In summary, this study revealed for the first time the introduction and global transmission of SVA. Moreover, by processing the phylodynamic and phylogeography in the framework of Bayesian statistics can we determine the origin of SVA was the United States and the introduction of SVA in most countries was from the United States, which has also acted as the disease epicenter. The effective population size, genetic diversity, and the risk of SVA spreading to various countries have elevated over time. Our study provides fresh insights into the global dispersal of SVA, and a better understanding requires more consideration of SVA epidemiological research.

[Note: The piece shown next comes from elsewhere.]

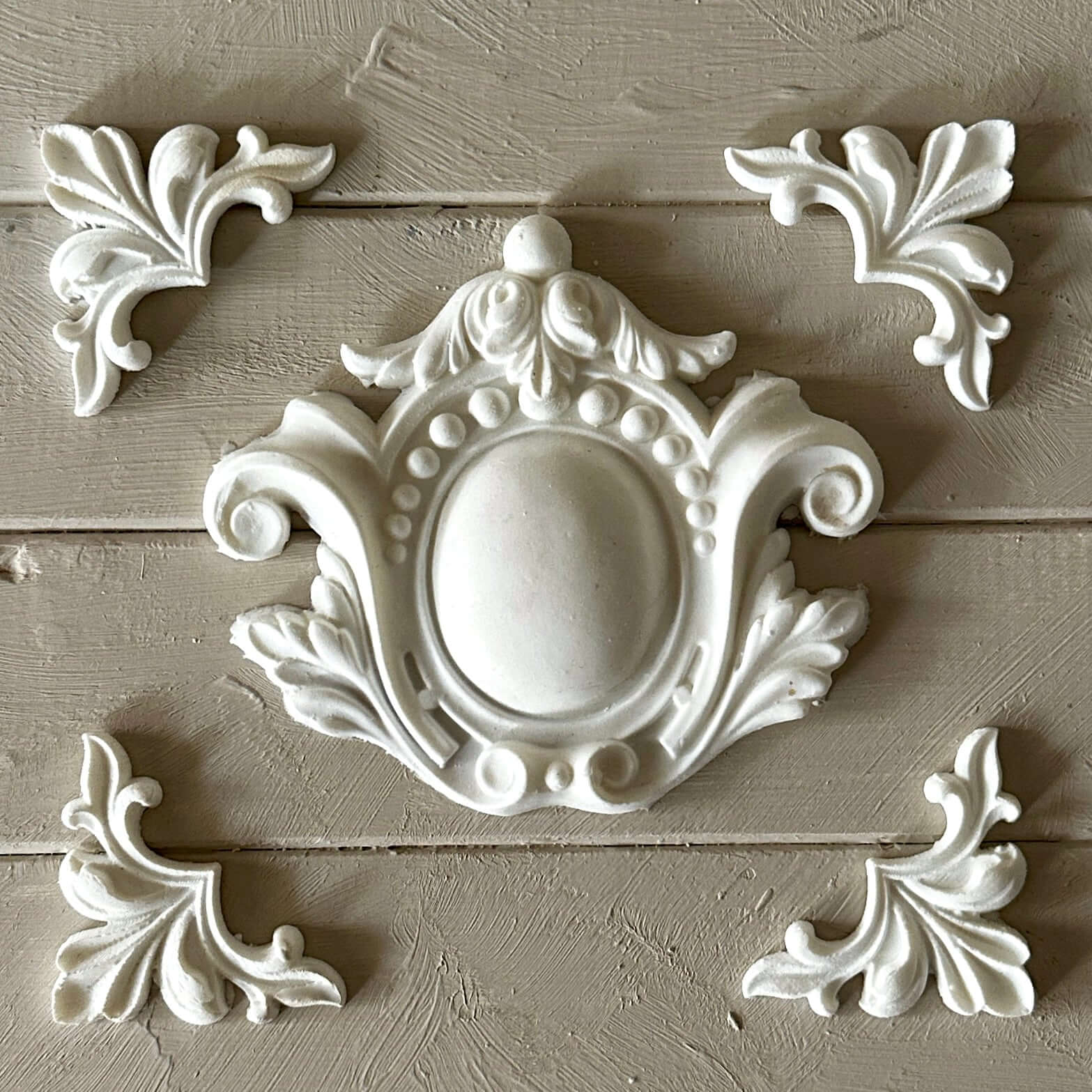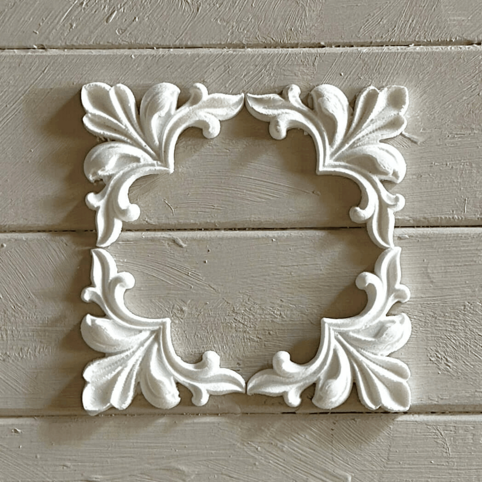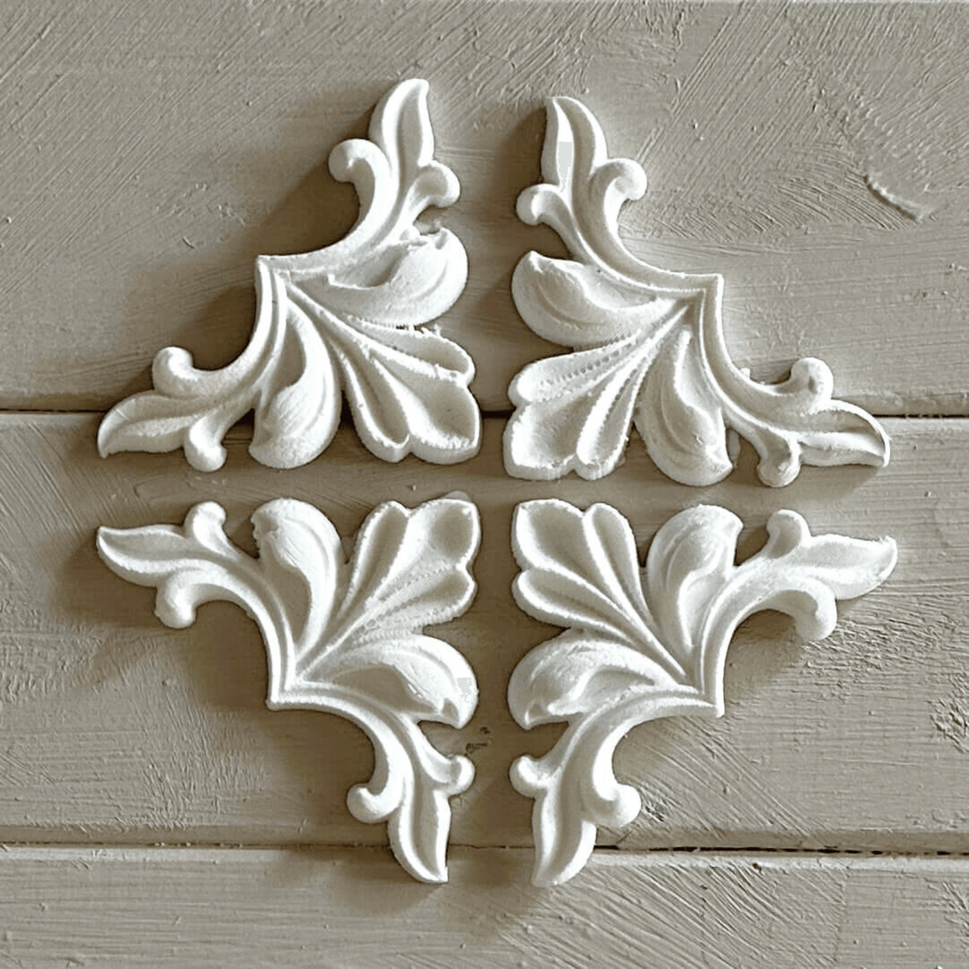 Use a single piece as a gentle accent, a pair on the bottom corners of a drawer, or all four corners on a cabinet door for a framed, custom look. You can also use a set of four to create a pretty frame around another appliqué, as shown in the example image.

Data availability statement

The datasets presented in this study can be found in online repositories. The names of the repository/repositories and accession number(s) can be found below: https://www.ncbi.nlm.nih.gov/genbank/, ON868368; https://www.ncbi.nlm.nih.gov/genbank/, ON868369; https://www.ncbi.nlm.nih.gov/genbank/, ON868370; https://www.ncbi.nlm.nih.gov/genbank/, ON868371; https://www.ncbi.nlm.nih.gov/genbank/, ON868372; https://www.ncbi.nlm.nih.gov/genbank/, ON868373; https://www.ncbi.nlm.nih.gov/genbank/, ON868374; https://www.ncbi.nlm.nih.gov/genbank/, ON868375; https://www.ncbi.nlm.nih.gov/genbank/, ON868376; and https://www.ncbi.nlm.nih.gov/genbank/, ON868377.

Ethics statement

The animal study was reviewed and approved by the Institutional Animal Care and Use Committee (IACUC, SCAU-AEC-2022A010).

Author contributions

HG and Y-JC designed the study and processed the data. HG wrote the manuscript. J-BX, Z-YX, JL, and S-JX helped, collected, and processed the data. HG, Y-JC, and Y-KS participated in the analysis and discussion. X-QX and Y-FZ helped with sample collection and diagnosis. Y-KS and G-HZ supervised and reviewed the manuscript. All authors read and approved the final manuscript.